Each approach claims to nullify refusals while preserving capabilities. The reality is messier.

Benchmarks: The Numbers That Lie

At first glance, the capability deltas look like a bloodbath:

Task	Base	Heretic	HauhauCS	Huihui	AEON	Abliterix
MMLU	83.3%	82.8%	83.9%	83.4%	82.9%	81.3%
HellaSwag	83.5%	83.2%	83.1%	83.5%	82.7%	77.3%
ARC Challenge	59.1%	58.0%	57.9%	59.5%	56.1%	53.2%
WinoGrande	77.7%	77.7%	77.7%	77.4%	75.3%	74.9%
TruthfulQA MC2	56.7%	51.1%	47.2%	54.8%	46.1%	48.7%
PiQA	81.0%	81.0%	81.0%	81.2%	80.4%	75.7%
GSM8K (7168 tok)	34.4%	27.5%	51.0%	75.1%	51.2%	37.6%
GSM8K (adj, excl. invalid)	96.2%	93.8%	96.6%	96.0%	95.8%	95.6%
Lambada (ppl)	3.18	3.24	3.35	3.15	3.44	9.12

AEON degrades on every non-GSM8K task. Abliterix’s Lambada perplexity explodes 2.9x from 3.18 to 9.12. Huihui looks like a math genius with a 75.1% GSM8K raw score against the base’s 34.4%.

That last part is a mirage.

Qwen3.6 is a reasoning model. It generates <think/> tokens before answering, and if its internal monologue exceeds the generation budget, it never outputs a final answer.
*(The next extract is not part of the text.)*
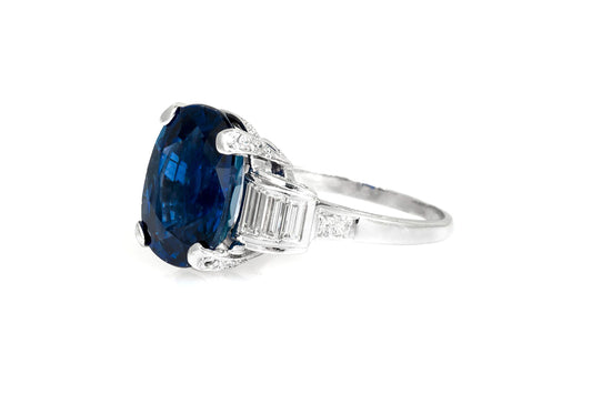 Vintage 1980s 8.16 Carat Sapphire Ring with Diamonds

Under the standard max_gen_toks=7168 limit, the base model exhausted its thinking budget on 68.2% of GSM8K questions. Huihui only did so on 23.0%. Strip out those invalid responses, and the adjusted scores flatten dramatically:

Model	GSM8K Raw	Invalid Rate	GSM8K Adj (excl. invalid)	Real Gap
HauhauCS	51.0%	49.3%	96.6%	+0.4%
Base	34.4%	68.2%	96.2%	,
Huihui	75.1%	23.0%	96.0%	-0.2%
Abliterix	37.6%	62.1%	95.6%	-0.6%
AEON	51.2%	69.2%	95.8%	-0.4%
Heretic	27.5%	74.5%	93.8%	-2.4%

The raw scores span a 47.6 percentage point range. The adjusted scores span 2.8 points. Abliteration doesn’t make these models better at math, in most cases, it just makes them stop overthinking. Heretic is the odd exception, its surgical edits actually extend thinking chains, pushing its invalid rate above even the base model.
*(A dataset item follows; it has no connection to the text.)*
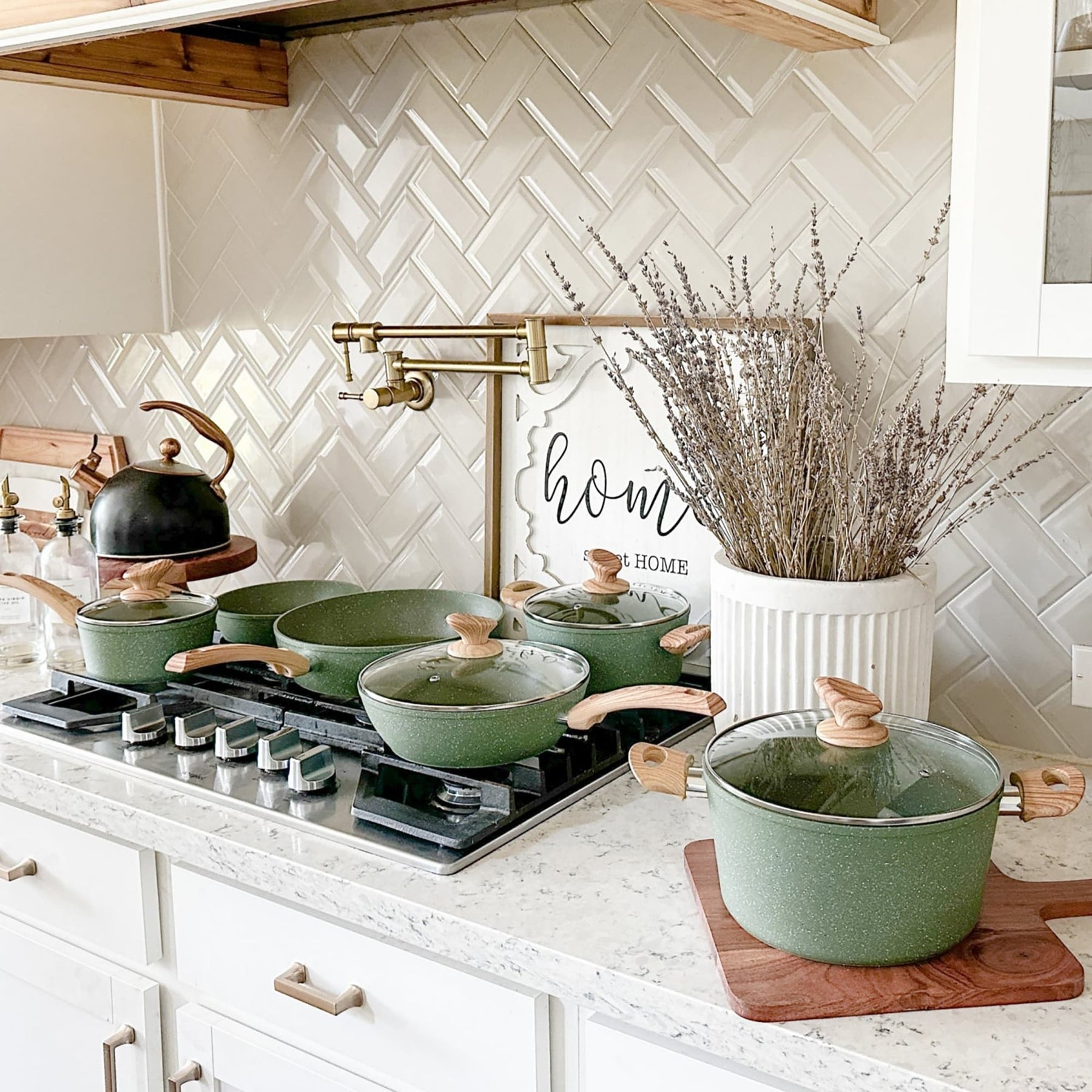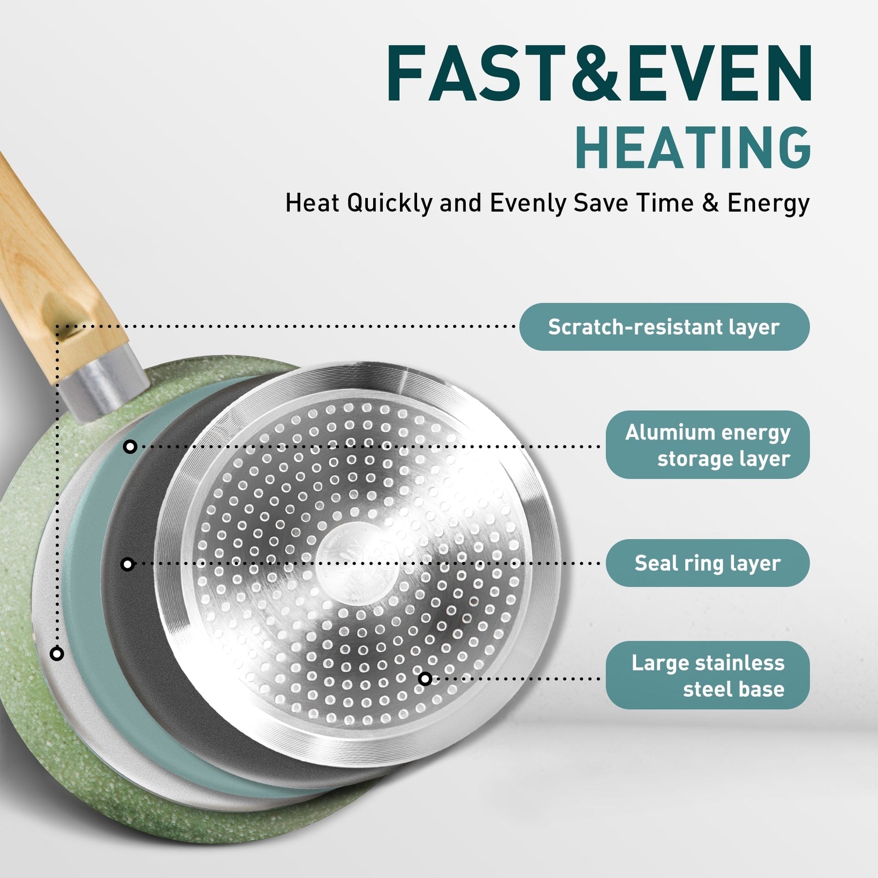 Préparez des plats savoureux avec la batterie de cuisine antiadhésive avec revêtement en granit Kitchen Academy. Chaque pièce est dotée d'un fond en aluminium forgé pour une cuisson uniforme sur tous les feux, y compris l'induction. L'extérieur en granit alimentaire triple couche offre une durabilité et une résistance exceptionnelles à la déformation, tandis que l'intérieur recouvert de marbre naturel facilite la cuisson et le nettoyage. Les poignées en bakélite aspect bois apportent une touche d'élégance à cet ensemble polyvalent.

Capability Preservation: Heretic and Huihui Dominate

When you look past the token-budget artifacts, surgical norm-preserving ablation techniques for unlocking models prove their worth. Heretic achieves the lowest KL divergence at 0.0037, indicating its output distribution on benign prompts barely shifts from the base. Huihui follows closely at 0.0074. Both sit in the “excellent” tier, well below the 0.1 threshold where capability damage becomes perceptible.

Variant	KL (batchmean)	Rating
Heretic	0.0037	excellent
Huihui	0.0074	excellent
Abliterix	0.0222	very good
AEON	0.0238	very good
HauhauCS	0.0242	very good

Huihui wins on benchmark deltas outside GSM8K, averaging just 0.5pp deviation from base across MMLU, HellaSwag, ARC, WinoGrande, TruthfulQA, and PiQA. Heretic averages 1.3pp. In other words, both methods remove the safety guardrails while leaving the engine nearly untouched.

AEON, despite claiming “measurably enhanced capabilities” and “no looping, no philosophizing spirals”, drops 10.6pp on TruthfulQA and 3.0pp on ARC. The data isn’t impressed by marketing copy.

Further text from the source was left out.